Delicious. One of my husband's favorites!
Prep Time20 minutes
Cook Time25 minutes
Total Time45 minutes
Course: Dinner, Main Course
Cuisine: American
Keyword: dinner, main course, mushrooms, pork, pork tenderloin, sour cream
Servings: 4
Author: Sharon McDonald

Equipment

  • Stove

Ingredients

  • 1.5 lbs A Cut Above Pork Tenderloin
  • 2 tbsp Butter
  • 2 tbsp Extra Virgin Olive Oil
  • 2 c Sliced Mushrooms
  • 1 bunch Green Onion 2-3" of green, sliced
  • 1 Salt To Taste
  • 1 Pepper To Taste
  • 1/3 c Dry White Wine You can use plain white cooking wine in the vinegar aisle of your grocery store
  • 1 c Chicken Broth Divided
  • 1 tbsp Flour
  • 1/2 c Sour Cream
  • 1 tbsp Chopped Fresh Parsley

Instructions

  • Slice tenderloins into about 8 pieces; flatten each medallion slightly with the heel of your hand.
  • In a large skillet or saute' pan over medium heat, melt 1 Tbsp. of butter with 1 Tbsp. of oil.  Cook mushrooms until tender, about 5 min., then add onion and cook for 1 min. longe.
  • Transfer the mushrooms and onions to a plate; set aside.
  • Pour off the excess liquids from the pan.  Melt the remaining butter with oil over medium heat.  Add pork tenderloin medallions and cook for  3 min. on each side, or until browned.
  • Sprinkle the pork lightly with salt & pepper.

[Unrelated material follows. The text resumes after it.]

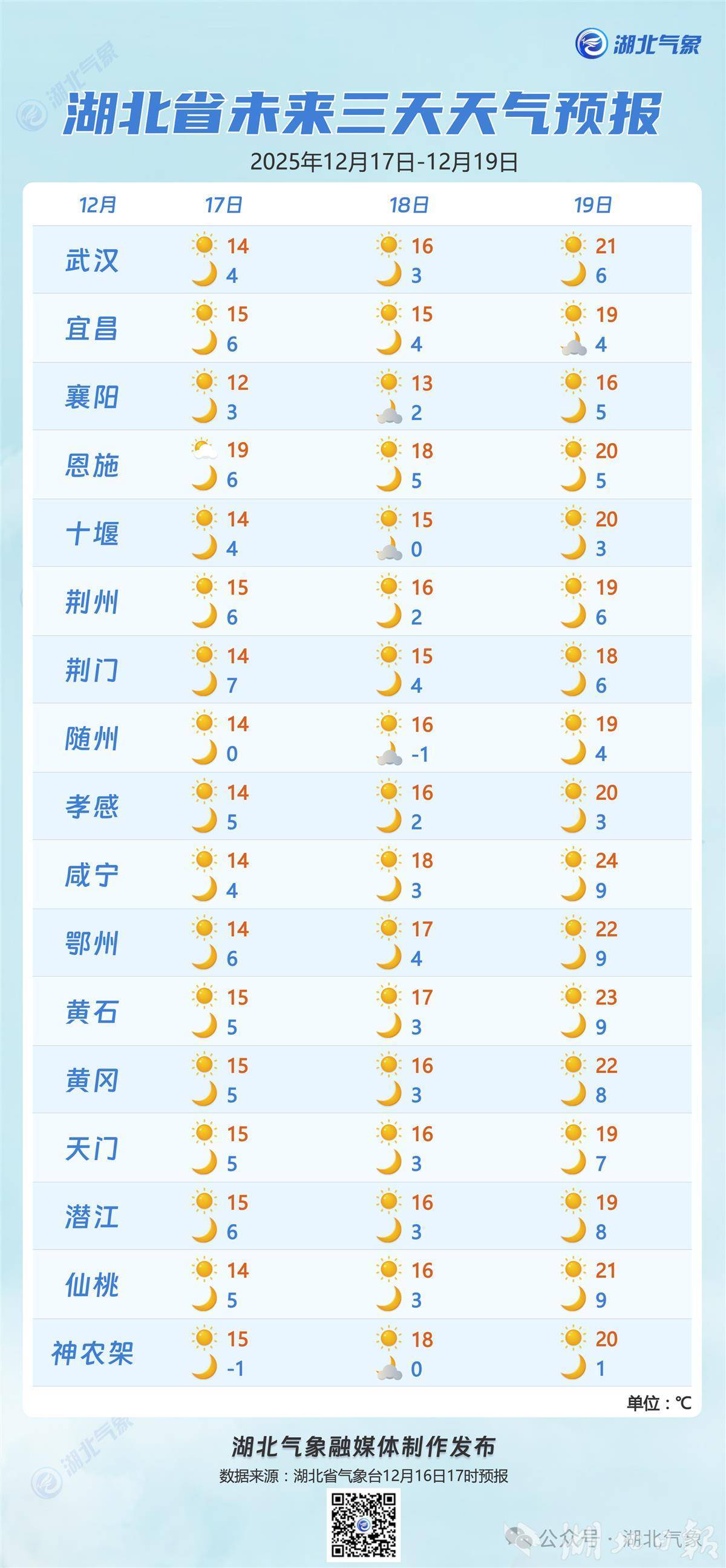 湖北日报讯(记者曾莉)12月16日,湖北开启回暖模式,全省晴到多云,下午3点省内大部气温13至19℃,相较15日同一时次升温1至5℃,大冶气温最高达20.1℃。预计未来三天全省晴天到多云,19日高温升至20℃。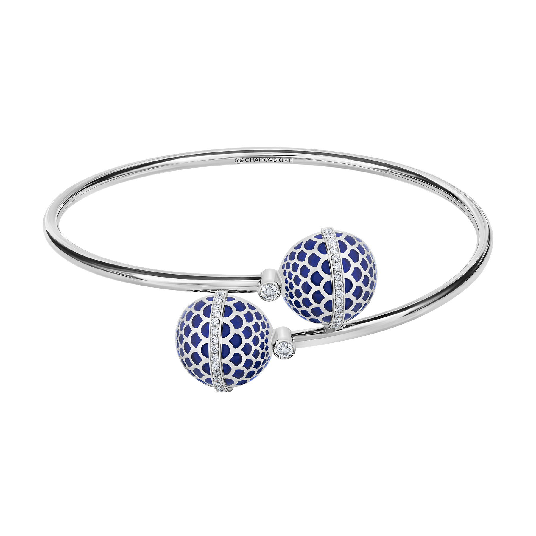 Еще один пример современной интерпретации стилистики ар-деко — лаконичный разъемный браслет из коллекции Jazz Age. Оригинальность украшению придает пара золотых сфер, инкрустированных бриллиантами. Ультрапрочная нанокерамическая эмаль благородного синего оттенка защищает украшение от повреждений и создает выразительный цветовой акцент. Идеальный выбор для активного летнего отдыха.

Pour in wine and half of the chicken broth.  Reduce heat to low, and cook for 15 minutes.
  • Transfer the pork to a serving dish and keep warm.
  • Stir flour into the remaining chicken broth until smooth.
  • In the skillet over medium heat, stir in the flour and broth mixture. Cook, stirring, until the sauce is thickened. Taste and add salt and pepper, as needed.
  • Stir in the sour cream, parsley and the cooked mushrooms and onions.  Heat through, but do not boil.
  • Serve sauce with the pork slices.